The water samples collected from different sample connections including imported water sample, electrochemical oil-remover output, inclined tube separator output and walnut shell filter output are used to determine the oil content when the process is stable for 30 min and 60 min respectively. And the filtered water samples are for the index analysis of particle diameter, suspended solid content and turbidity. The analysis methods are based on this standard of 5329 - 2012 SY/T “Water quality standard and practice for analysis of oilfield injecting waters in clastic reservoirs”.

4. Results and Discussion

4.1. Water Quality of Total Process Test

Process One: The oil contents of different sample connections with four different dosages of water clarifier

Figure 1. Process flow chart of wastewater containing polymer treatment plant.

when the process is stable for 30 min and 60 min respectively are shown in Table 2.

Table 2 shows the remarkable oil removal efficiency when the process with electrochemical technology is stable and the oil contents of the filtered water samples which are clear and transparent are all under 20 mg/L. The slight decrease of the oil content with the increase of electrolysis time reveals the treatment efficiency is jarless when the process is stable. Without the water clarifier BHQ-04, the oil contents of the output of electrochemical oil-remover and inclined tube separator are 73 - 85 mg/L and 64 - 70 mg/L respectively, which are significantly higher than those with water clarifier. Thus it will aggravate the pollution of filter media and operating load. The oil contents of different sample connections are stable along with the increased dosages of BHQ- 04 indicates the good synergistic effect between electrochemical technology and water clarifier, and the oil removal efficiency of electrochemical technology with moderate BHQ-04 (50 - 100 mg/L) more higher.

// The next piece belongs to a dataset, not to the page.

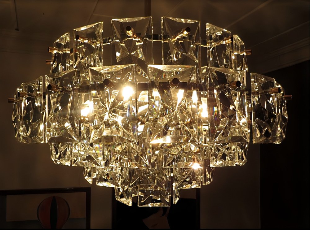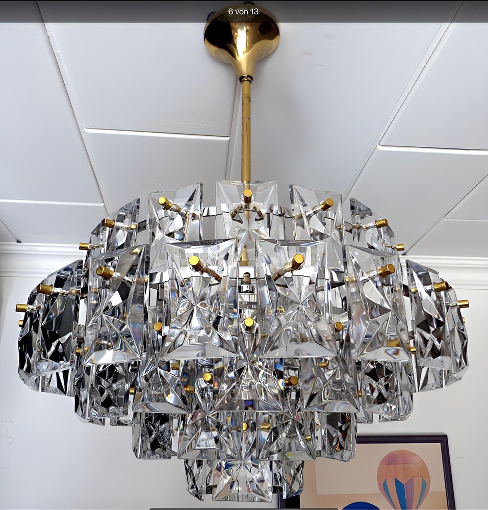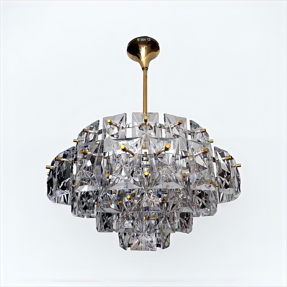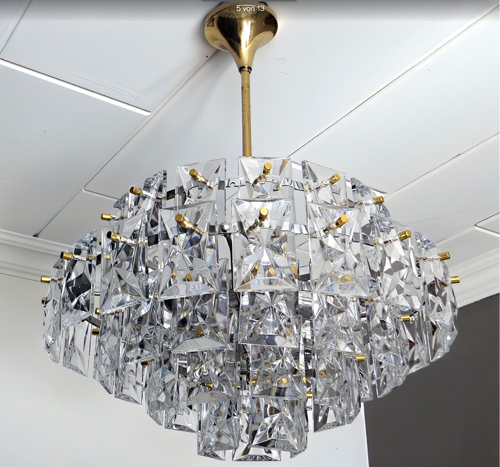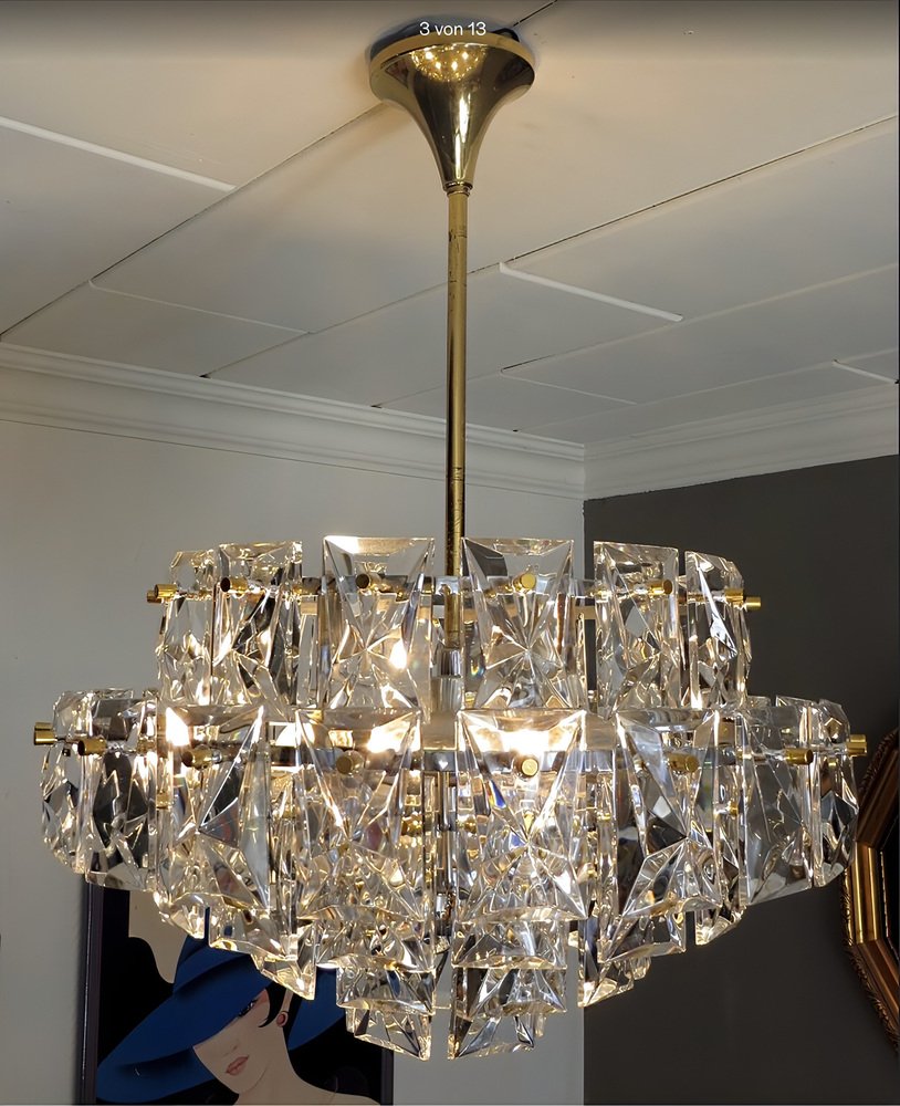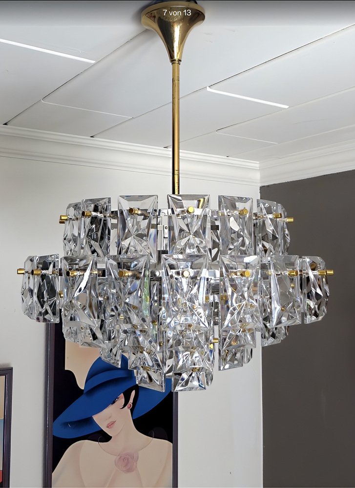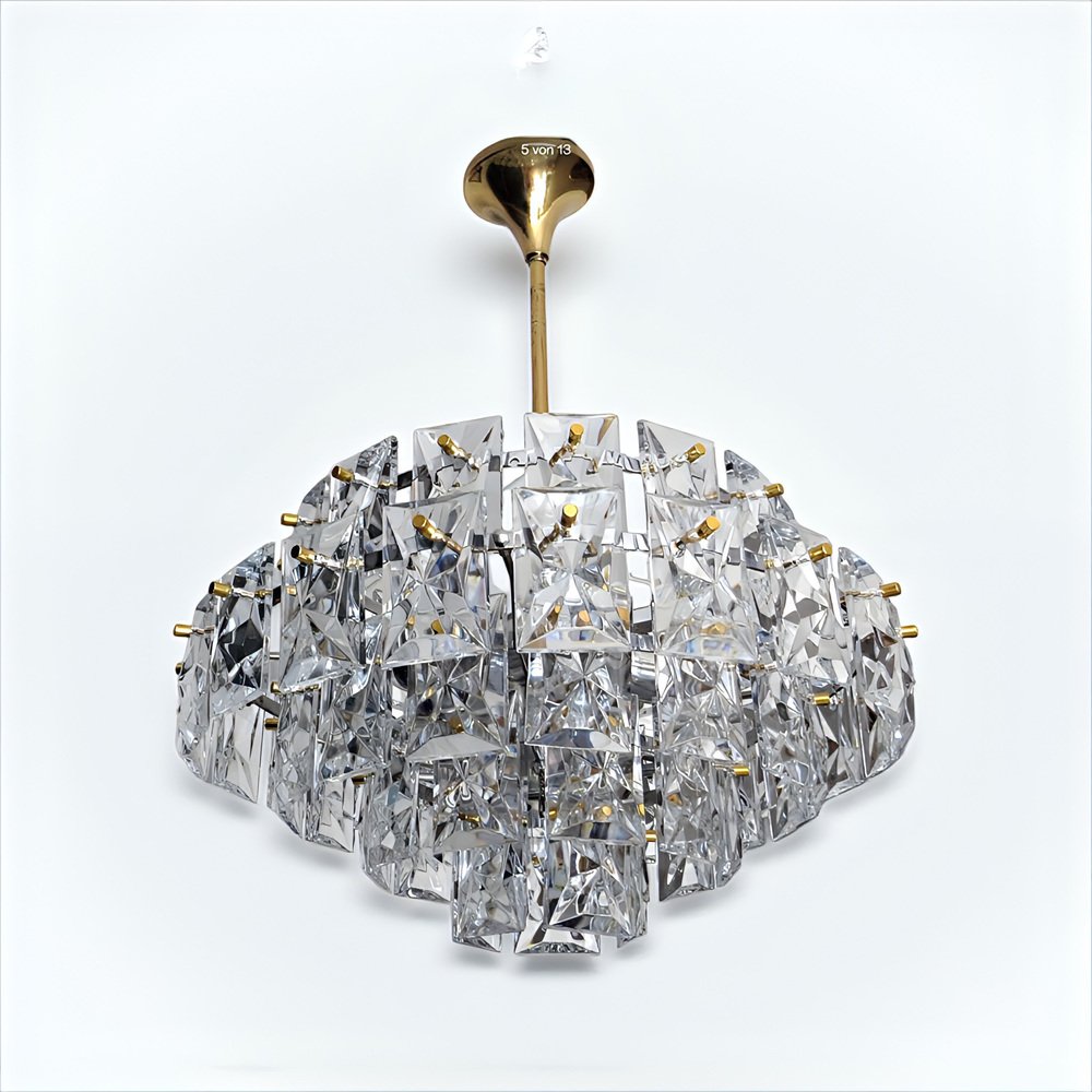 Ein repräsentativer, edler, zeitlos moderner Vintage Kronleuchter in außergewöhnlicher Größe von 52 Zentimeter Durchmesser von KINKELDEY , der Mid-Century Modern Ära den 1950er / 1960er kann hier erworben werden.

Process Two: The test results of the process without electrochemical technology are shown in Table 3.

Table 3 shows the oil content and turbidity of water samples of inclined tube separator output present downtrend with the water clarifier BHQ-04 of 150 - 200 mg/L during the process operating without electrochemical technology. The increased dosages of BHQ-04 can probably improve the water quality; however the reagent cost is bound to increase and the rising amount of viscoelastic sludge because of the adding reagent will cause blockage to the following processes.

Table 1. Specific process scheme of the test.

Table 2. Oil content of water quality at all levels of the whole process in process one.

Table 3. Water quality of all levels of the whole process in process two.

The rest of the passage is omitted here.